Gradient descent with momentum

in the video of gradient descent with momentum, prof Andrew suggested to use this method in order to overcome the zig-zag movement of the steps. but didn’t we solve this problem when we talked about normalization? we said that normalization can center the data and hence the cost function contour plot will look like circular rather than ellipse as a result we avoid the zig-zag movement and the algorithm get faster. what benefit will G.D with momentum will add if i have already centered the data using normalization?

You can still have zig-zag problems even after normalization. The 3D pictures they show of the cost surfaces are pretty unrealistic. We are dealing with very high dimensional spaces here (as many dimensions as there are parameters, right?), so the surfaces can be pretty gnarly even with normalization and are completely impossible to visualize. Our human brains are just not set up to cope with more than 3 dimensions in terms of visualizing things. Here’s a paper from Yann Lecun’s group about visualizing cost surfaces.

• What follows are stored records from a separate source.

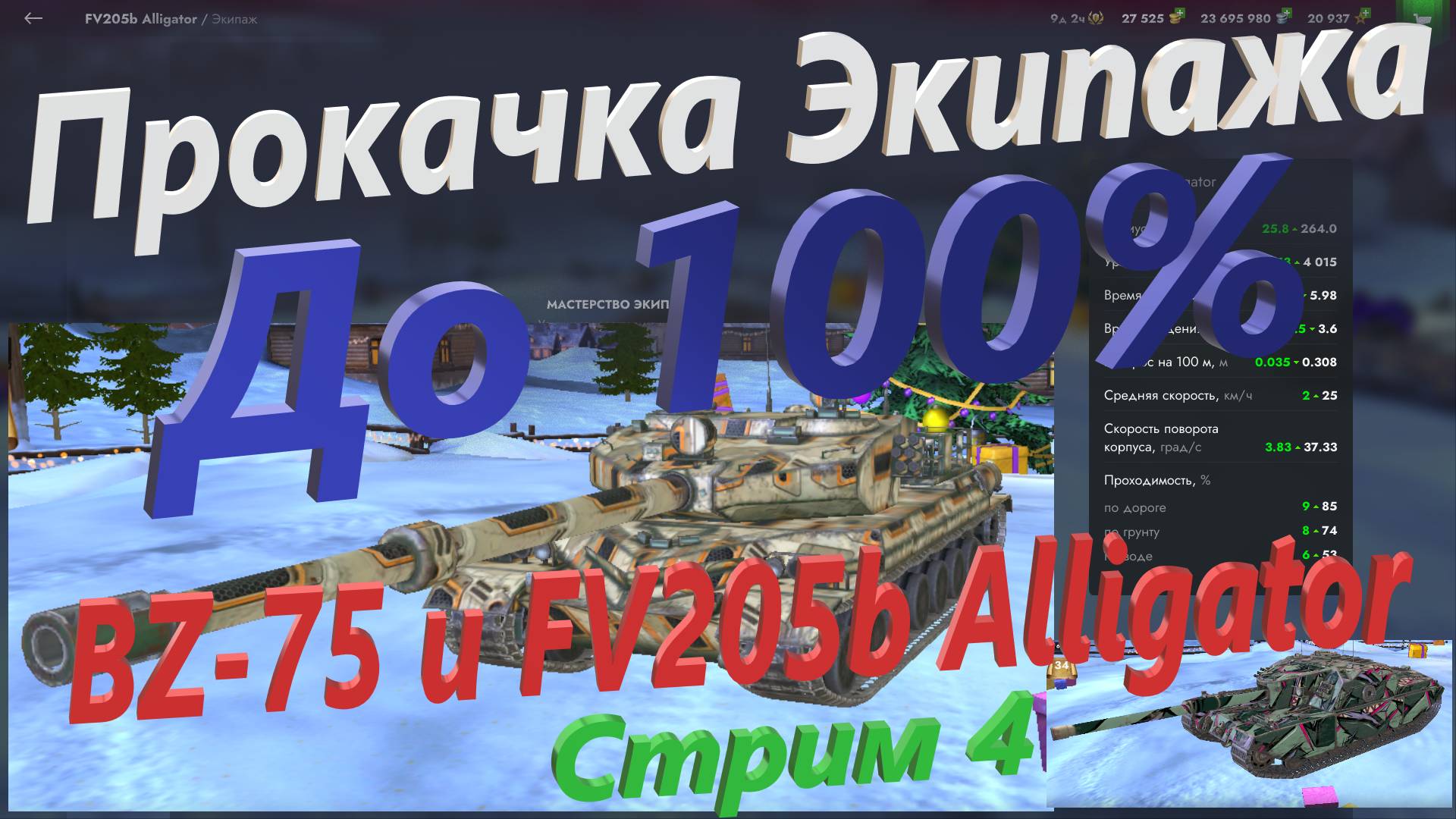 Прокачка Экипажа на 100% - BZ-75 и FV205b Alligator - Стрим 4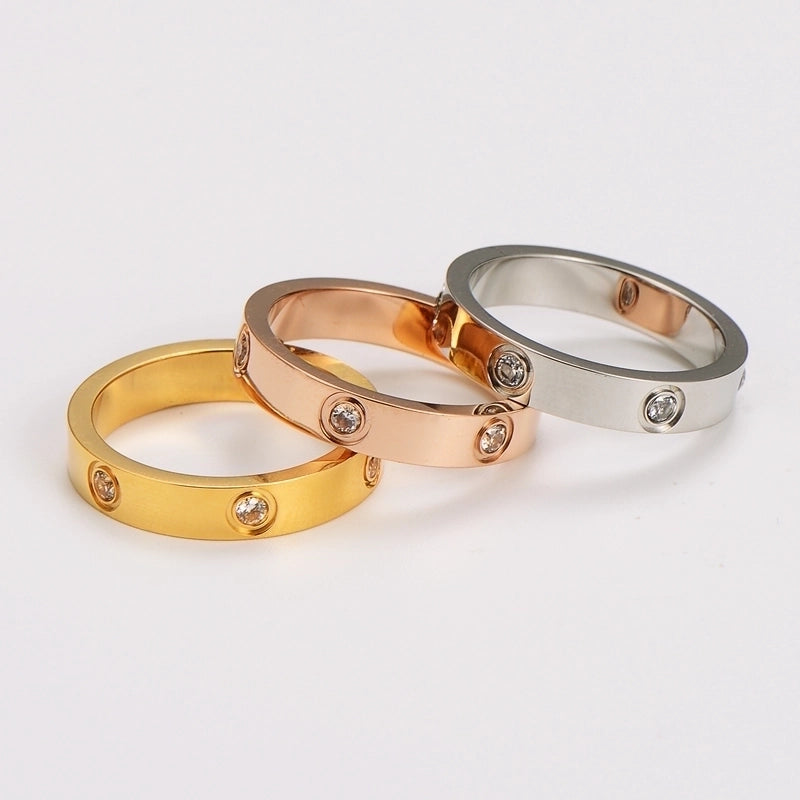 Hip-Hop Shiny Round 304 Stainless Steel 18K Gold Plated Rings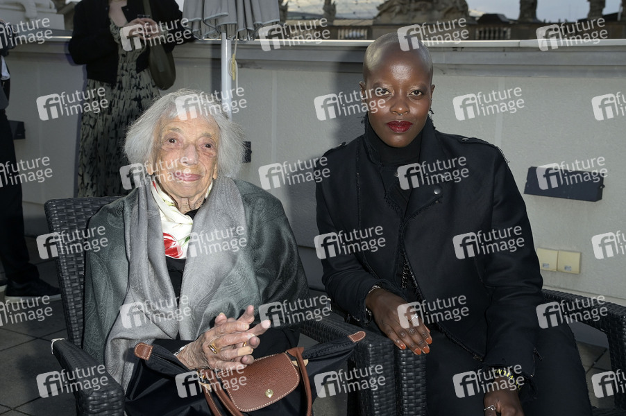 Margot Friedländer und Florence Kasumba beim Eröffnungsempfang der UFA Filmnächte 2024 auf der Dachterrasse der Bertelsmann Repräsentanz. Berlin, 21.08.2024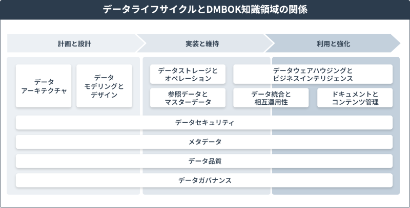データ活用・データマネジメントコンサルティングサービスではDMBOKの知識体系をベースにこれまでの支援を通じて得られた知見を組み合わせ、データ戦略の策定から、データ基盤構築と並行して、データ戦略実現に向けたデータマネジメント体制整備、データ活用推進支援(事例創出)、教育・コミュニティ運営と構想段階から実行段階まで包括的に支援します。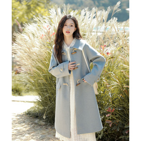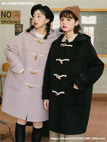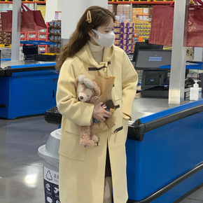 牛角扣呢子大衣202冬季新款韩版加厚连帽中长款毛呢...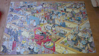 Alla inklusive jag själv blev nog väldigt förvånade när jag la det här pusslet i princip alldeles på egen hand! Oliver hjälpte mig med sista biten som gömt sig under soffan, en ficklampa är bra att ha! "nu kanske du får blodad tand att fortsätta lägga mer på de pussel vi lägger" sa Stefan. Eller så blir det helt tvärtom, nu har jag gjort min del, nu kan jag luta mig tillbaka och titta på. :)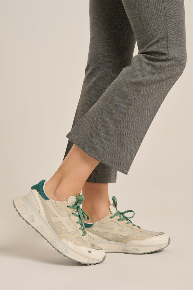 Zapatilla Hill, variante 7854. Tejido exterior en nylon en color azul maino, morado y verde con logo y talonera en ante al tono. Cordón en algodón en morado. Suela extra confort.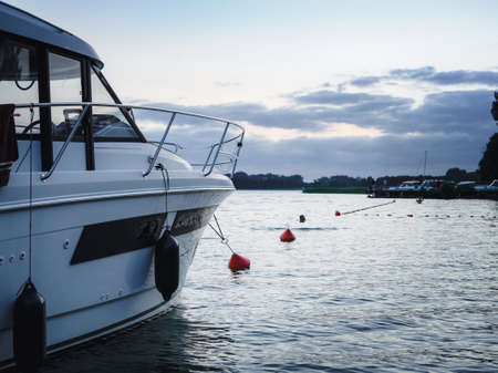 moored motorboat or motor yacht on the pier on a summer evening on the lake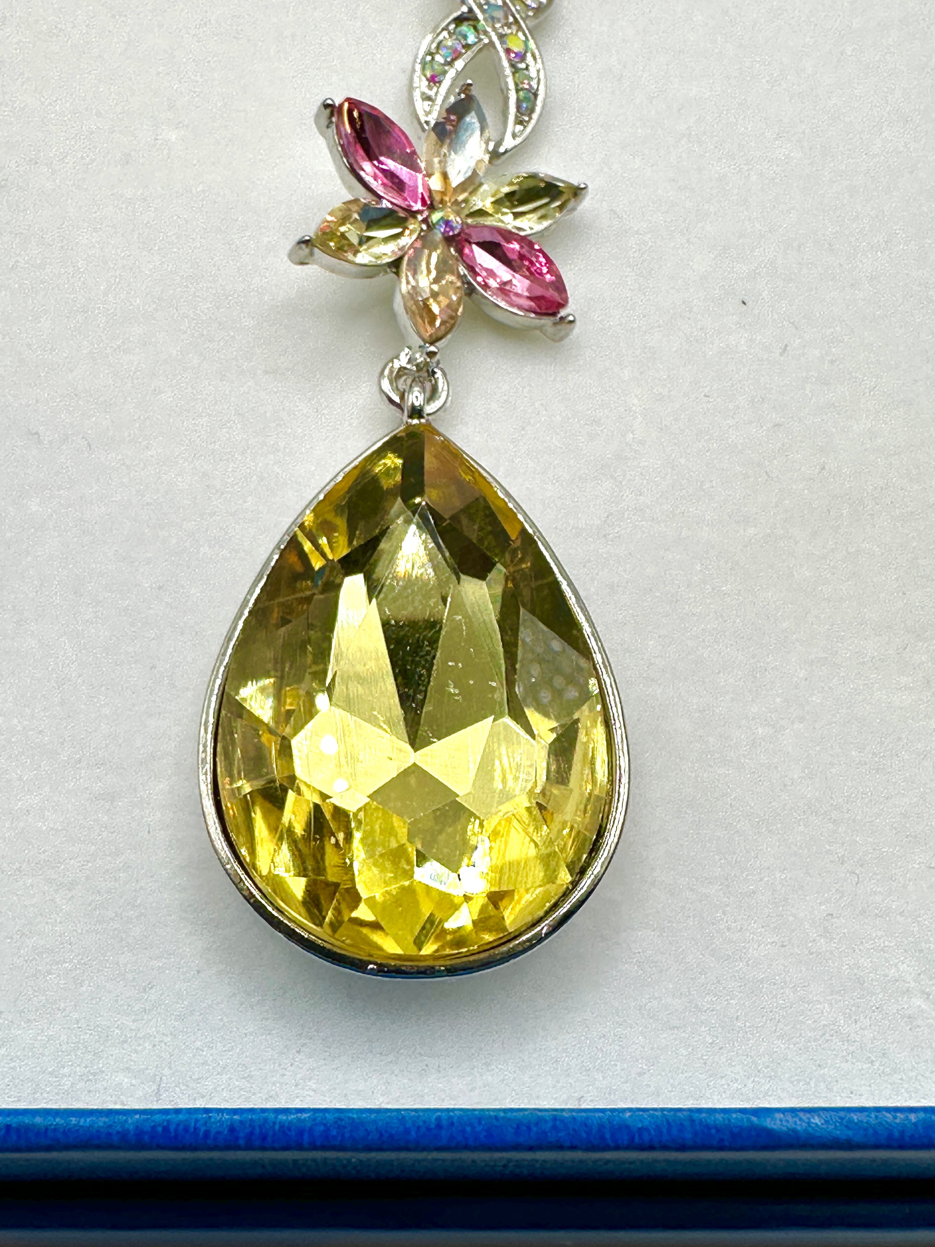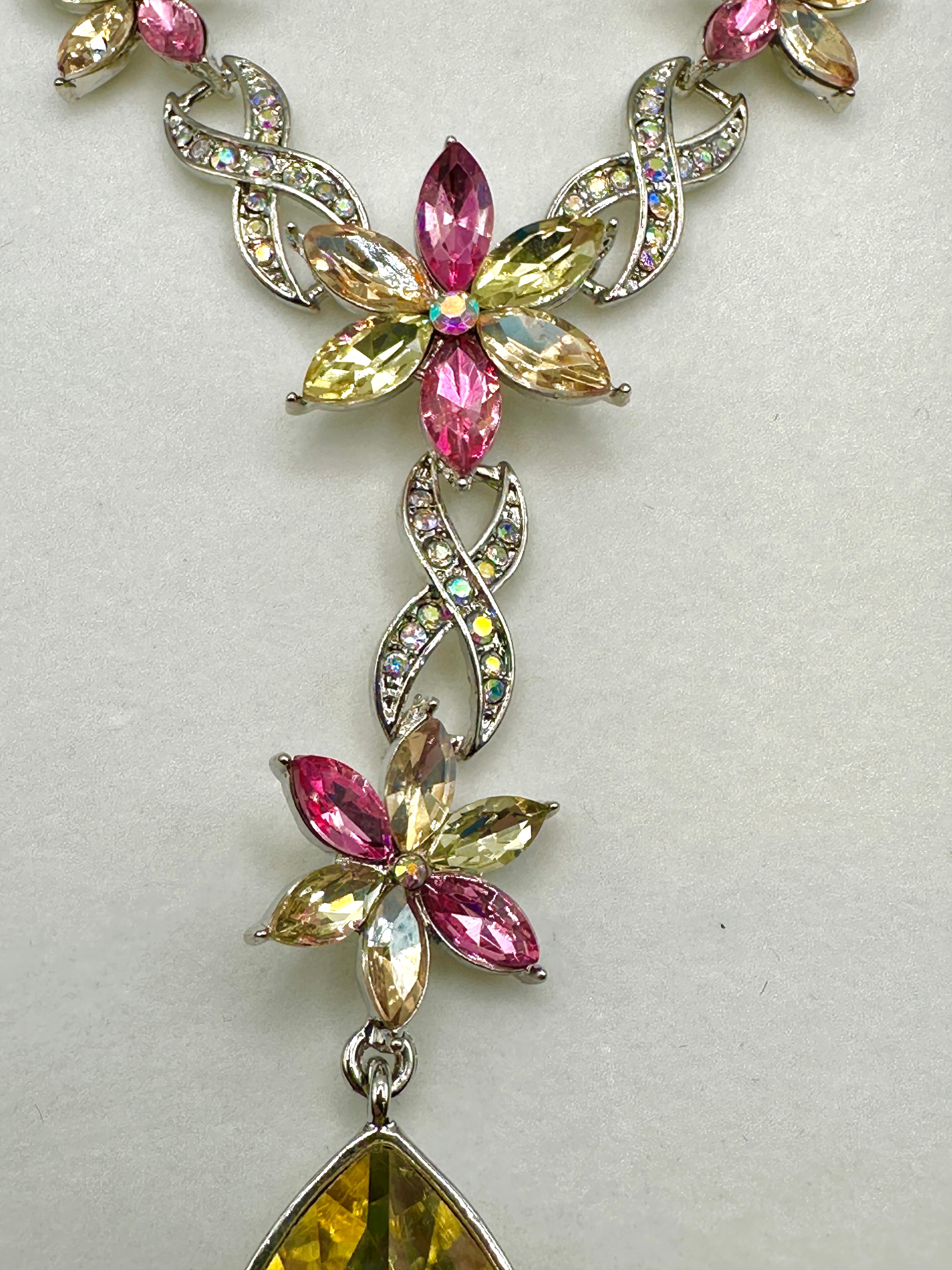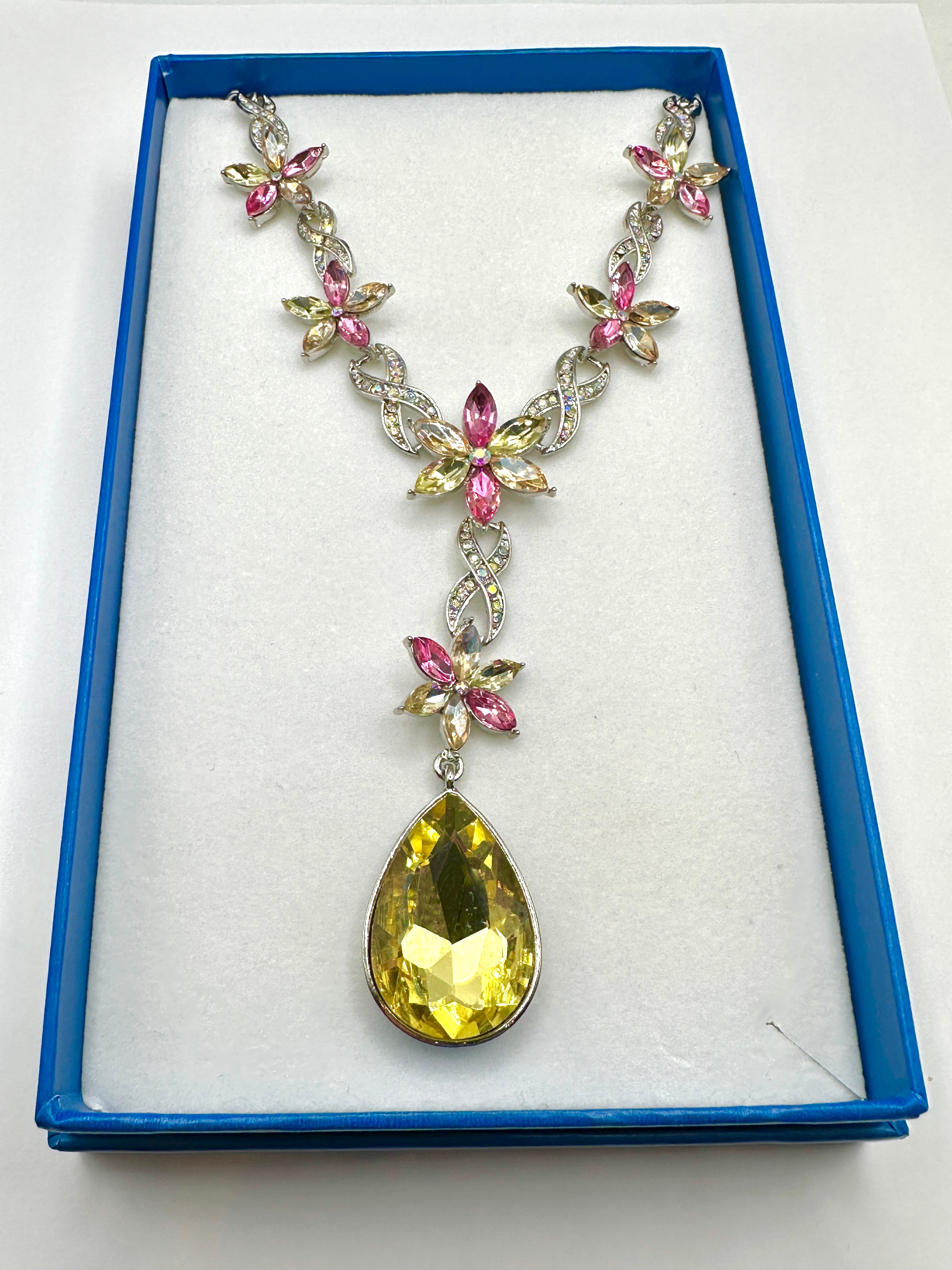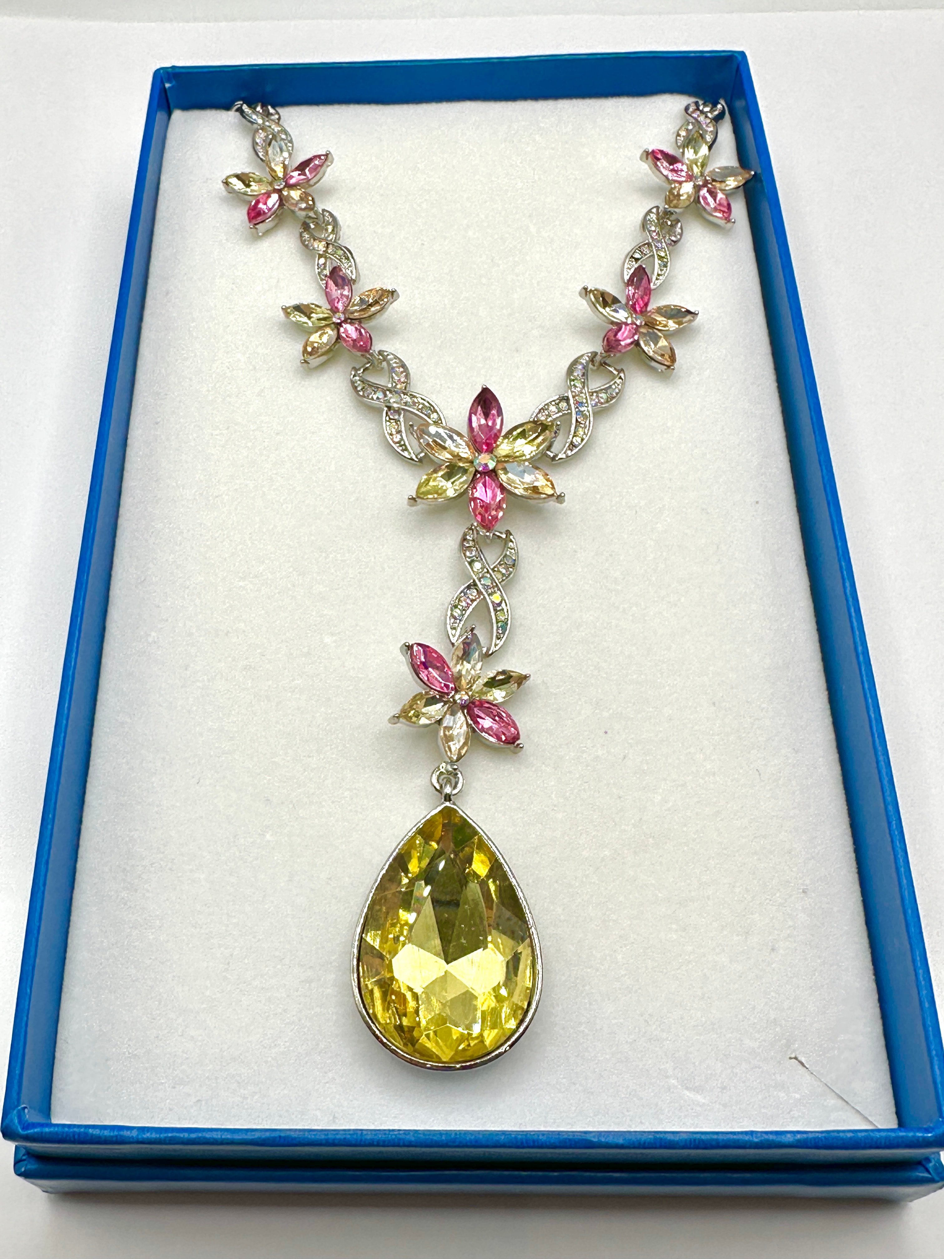 This modern costume necklace features a silver-tone metal construction. The design incorporates a series of floral motifs, each composed of faceted marquise-cut stones in shades of pink and yellow/champagne, accented by smaller clear or iridescent round stones. The central section forms a Y-drop style, with intertwined links embellished with smaller clear stones leading down to a large, faceted yellow teardrop-shaped stone set in a simple bezel. The necklace is presented in a blue-lined gift box.

Just to elaborate a bit: notice that we are plotting the cost function J which is a function of all the W^{[l]} and b^{[l]} values. J is a scalar output, of course. So when Prof Ng shows a plot in 3D, the z axis there is cost (J) and the input parameters are the x and y axes, which means that picture is showing you how it would work with literally 2 parameters. That’s right: just two. So you’ve got one layer with w and b. So while the pictures may help with the intuition, they are showing a radically simpler case than what we are actually dealing with.


deep learning
thank you sir

Hi, are momentum and its variations ever useful when the full set of examples is used?